Hals no persigue la penetración psicológica y es significativo a tal respecto que su único autorretrato identificado sea el que se integra en el grupo de Oficiales de la Milicia de San Jorge (1639), de la que formó parte. Aunque en los retratos de amigos vemos desenfado y atrevimientos, los clientes se muestran por lo general decorosos, satisfechos de sí mismos y, como mucho, joviales; solo en las obras tardías –expuestas en la última sala, incluyendo el grupo de regentes masculinos del asilo de ancianos, que tira a Rembrandt–, en las que como no pocos artistas viejos desdeña más que nunca el acabado, nos alcanza un aire de tristeza.

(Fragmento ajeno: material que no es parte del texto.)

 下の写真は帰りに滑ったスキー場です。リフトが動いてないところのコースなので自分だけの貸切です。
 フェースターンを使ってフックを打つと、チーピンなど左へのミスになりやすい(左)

Hay algunas posturas reiteradas, como la llamada del “codo renacentista” (proyectado hacia el frente, en semiperfil) pero en los grupos y en los retratos más libres Hals ensaya nuevas actitudes y gestos que por su “instantaneidad” parecen incompatibles con una sesión de posado convencional.
La vivacidad que siempre se le alabó se combina en los grupos familiares, a los que se dedica un capítulo en la exposición, con muestras de afecto infrecuentes en la pintura de la época, como vemos en la bella pareja en un jardín del Rijksmuseum, que quizá retrata a Isaac Massa, uno de sus mejores clientes, cuyo rostro aparece en otros dos cuadros que flanquean a este. Además, los comisarios han reunido efímeramente a algunos matrimonios que el mercado del arte había separado.

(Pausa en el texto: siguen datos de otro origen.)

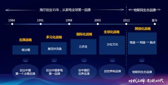 海尔从1984年开始创业到现在为止,总共经历了五个战略发展阶段:名牌战略、多元化战略、国际化战略、全球化战略以及正在进行的网络化战略。
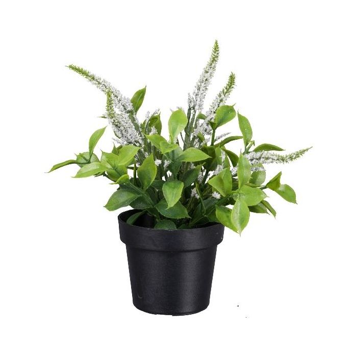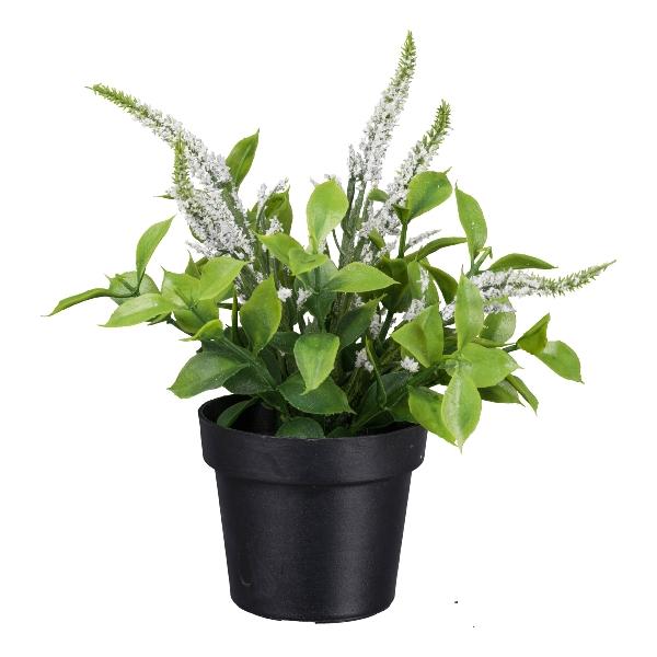 Artificial flower Speedwell GRINTOL in decorative pot, white, 7"/18cm
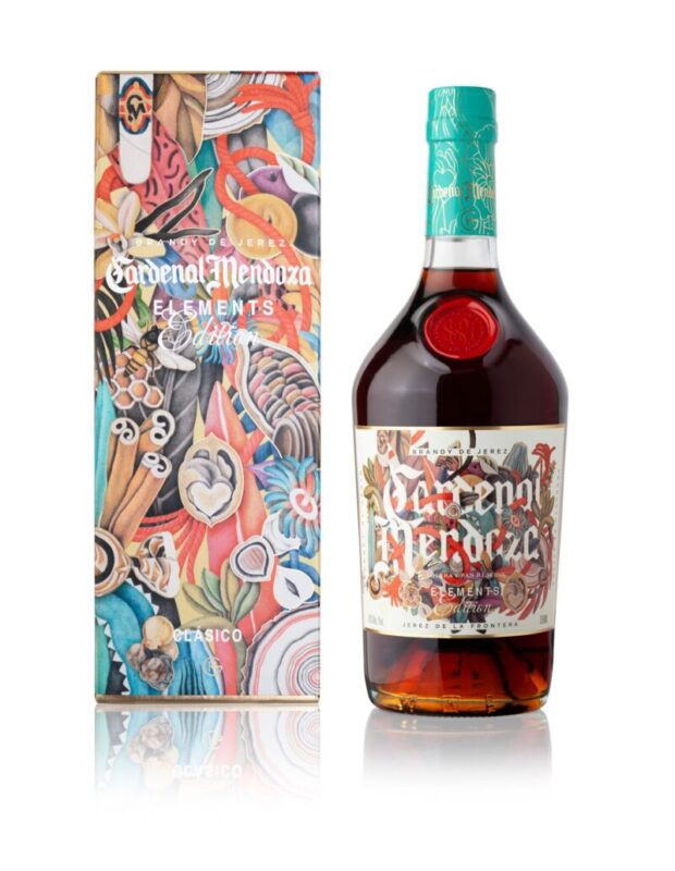 Luminoso, transparente, de caoba oscuro. De aroma redondo, limpio, elegante, vinoso. Equilibrado, persistente en boca y sin aristas. Personalidad, armonía de matices y el recuerdo profundo a pasas y ciruelas. Así es Cardenal Mendoza Clásico, un Solera Gran Reserva elaborado a partir de una selección de las mejores holandas de alquitaras, que se envejecen por el tradicional sistema de soleras y criaderas. El conjunto de botas de Cardenal Mendoza, previamente envinadas en oloroso y pedro ximénez, conforman una de las mayores bodegas de Solera Gran Reserva, garantía de la vejez y calidad de este brandy. Cardenal Mendoza, buque insignia de la bodega jerezana Sánchez Romate, es un referente internacional en el mundo de los espirituosos máss exclusivos. Su centenaria elaboración artesanal -solera fundada en 1887-, su indiscutible personalidad y la fidelidad del consumidor más exigente así lo atestiguan. Romate presenta una edición limitada llamada “Cardenal Mendoza Elements Edition”. Nadie mejor que Carmen Garcia Huerta con su visión elegante, colorista, y barroca para ilustrar e interpretar los elementos naturales que mejor evocan una copa de este brandy: café, miel, vainilla, roble, uva pasa… En su desarrollo, ha primado la integración de los elementos tanto en la etiqueta como en el estuche, creando una atmósfera selvática y colorista. Esta edición limitada es un sincero reconocimiento a nuestros consumidores, que seguramente no ponen ni números ni nombres, pero si lo disfrutan cada vez que lo toman.ENVEJECIMIENTO EN BOTA : Media 15 años

[Herrera el Mozo, el polémico e ingenioso artista que fue ignorado por Velázquez]
Aunque murió pobre, Hals vivió muy bien durante décadas de sus encargos. Pero completaba ingresos con la enseñanza en un activo taller –al cual se unieron cinco de sus catorce hijos– que producía además copias de sus “tipos populares” para la venta libre, de las que se nos ofrece un buen compendio. Frente a las clásicas escenas de género –domésticas o de parranda–, él pone el acento, en sintonía con los caravaggistas de Utrecht, en figuras individuales que enriquecen su gran fresco humano: músicos, bufones, prostitutas, gentes de taberna, niños de la calle, pescadores… casi todos sonriendo o riendo abiertamente, algo tan difícil de pintar y, para los teóricos, tan poco digno.
Hals no juzga ni desprecia; celebra las manifestaciones de alegría, muy raras, de nuevo, en el arte de su tiempo. Lo demuestra su modernísima Malle Babbe, que padecía alguna enfermedad mental.
A la exposición, que se limita a juntar los retratos por fechas y tipologías, le falta contexto: recurran a las salas del museo, en las que cuelgan otras dos obras del artista. Quizá el público británico no la anhele, porque Hals está bien representado en sus colecciones y, sobre todo, porque hace solo dos años la Wallace Collection, dueña del icónico The Laughing Cavalier, organizó una muestra de trece retratos masculinos, de los que once repiten aquí. Pero, cuidado, que hacía tres décadas que no eran convocados tantos fantasmas de Haarlem. Tan vivos.